Evidence for a different mechanism for timing below the

tactus level

A comparison of timing at the beat level with timing at the tatum level has been made by Shaffer et al (Shaffer et al., 1985) in timing data from performance by a concert pianist of Erik Satie’s Gnossienne No. 5. While the beat level is very slow (>1000msec), it is marked in the piece clearly and invariably by a bass note, alternating with a chord. The right hand plays a fluid melody, with groupings which (in notation) subdivide the beat evenly at different times into 4, 6, 7 and 8. At other times the RH has no onsets at all for two beats, or plays a variety of uneven rhythms. It was found that groups notated as comprising equal notes, were not in fact played evenly. If the duration of the beats depends on the sum of the durations of RH small notes, then the ratio of the variance of the sum of the intervals making up the beat to the sum of the variance of the intervals will be ≥1. It was found that the ratio was <1, indicating beat independently time from their sub-intervals, and sub-intervals constrained within the beats. The particular piano texture – a steady, even LH with fluidly-timed faster notes in the RH, is

characteristic of Chopin – whose instruction to keep the LH steady and vary the RH is well known to piano students. Examples of similar freedom in the RH and clock-controlled rhythm in the LH, were also found in performances of Chopin and Bach. (Shaffer, 1981) Shaffer (Shaffer, 1985) distinguishes between biological clocks and a less-precise temporal pattern generator which is triggered by a clock external to it.

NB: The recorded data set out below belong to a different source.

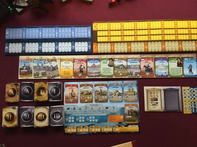 游戏板:每位玩家都有一块独立的玩家游戏板,用于展示自己的文明进程,包括科技、建筑、奇迹、领袖等。
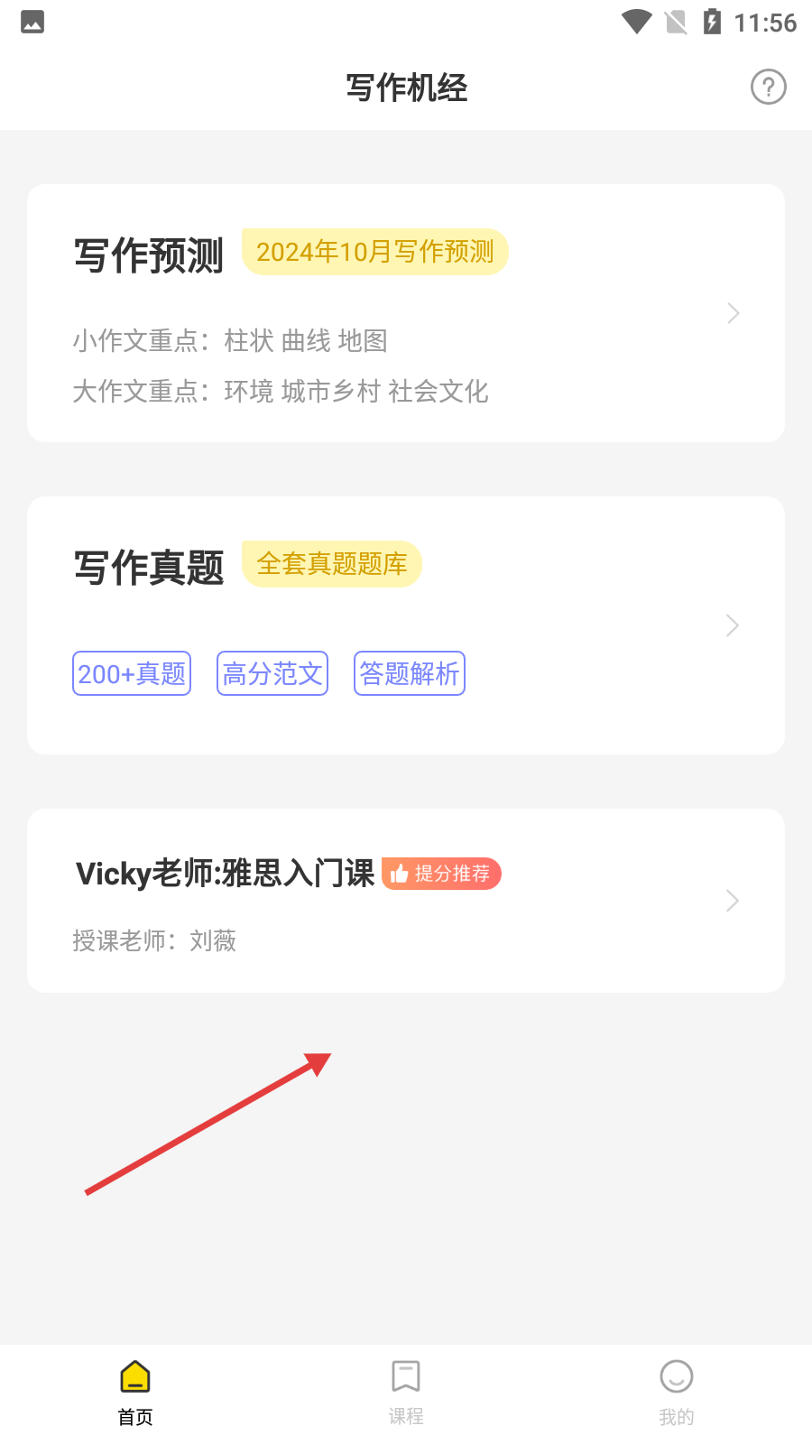 4、登录系统进入首页后,能够查看写作预测、写作真题以及相关课程,例如Vicky老师的雅思入门课。
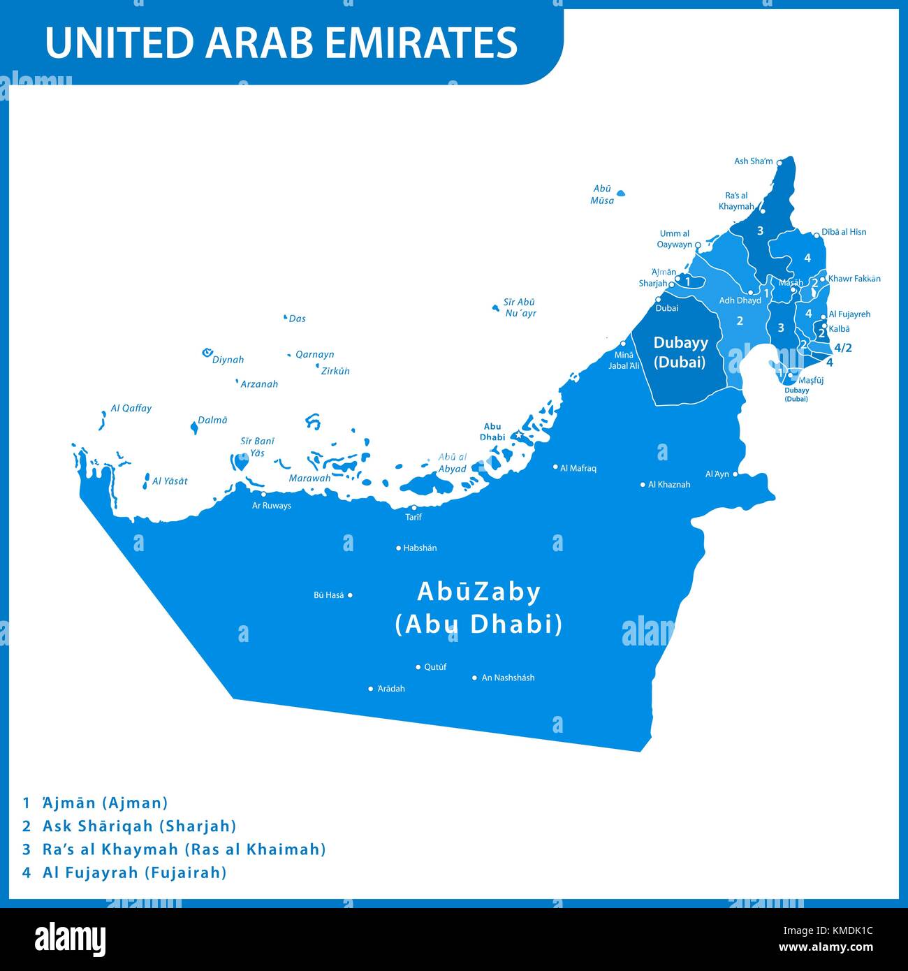 Detailed Map Uae Regions States Cities: vector de stock (libre de

An experiment in judgement and production of beat fractions, relative to an isochronous pulse shows a marked deterioration in accuracy for intervals <200msec. (Sternberg & Knoll, 1994) The poor judgement and production of single intervals in this region seems to reflect a lack of an interval timer, and compared to the ability of musicians at least to produce reasonably even intervals at that level if they are permitted to play all subdivision onsets seems to indicate that motor expression assists relative timing at this level.

While runs of small subdivisions of intervals below 200Hz are achieved eg. by many pianists, dividing the intervals in the tatum region into uneven parts appears to be more difficult, with mutual assimilation of longer intervals in rhythms, and the - sometimes unintentional - production of non-harmonic subdivisions of the clock period. (Repp, Windsor, & Desain, 2002) Friberg’s (Friberg & Sundström, 2002) analysis of jazz drummer’s swing ratios show that complex ratios (involving in this

case only two durations) can be reproduced consistently and accurately. Friberg (Friberg & Sundström, 2002) gives the range of ratios of the long note to the short note in jazz swing, at different tempi, as 1:1 to 3.5:1, while analysis of data for ten of the 16 different drummers given in Cholakis (Cholakis, 2003c) shows a variation between 1.5:1 to 2.7:1.

If concatenated, production of even intervals would be produced by an

(unconscious) revision of the motor program following a cognitive review of its evenness. The perception of evenness at this level of timing would relate to a direct comparison of the pattern’s component intervals to each other, rather than on asynchronies to a temporal grid produced by nested clocks.

Wright (Wright, 2002) notes that skilled drummers can control timing down to a single millisecond – when two drums are played together, such a small timing difference is heard as a timbre change, due to phase interference between the soundwaves produced by each drum. Such a level of control, combined with the non-simple ratios produced at sub-tactus timing levels, suggests a fast clock at ~1000Hz, with a counter mechanism.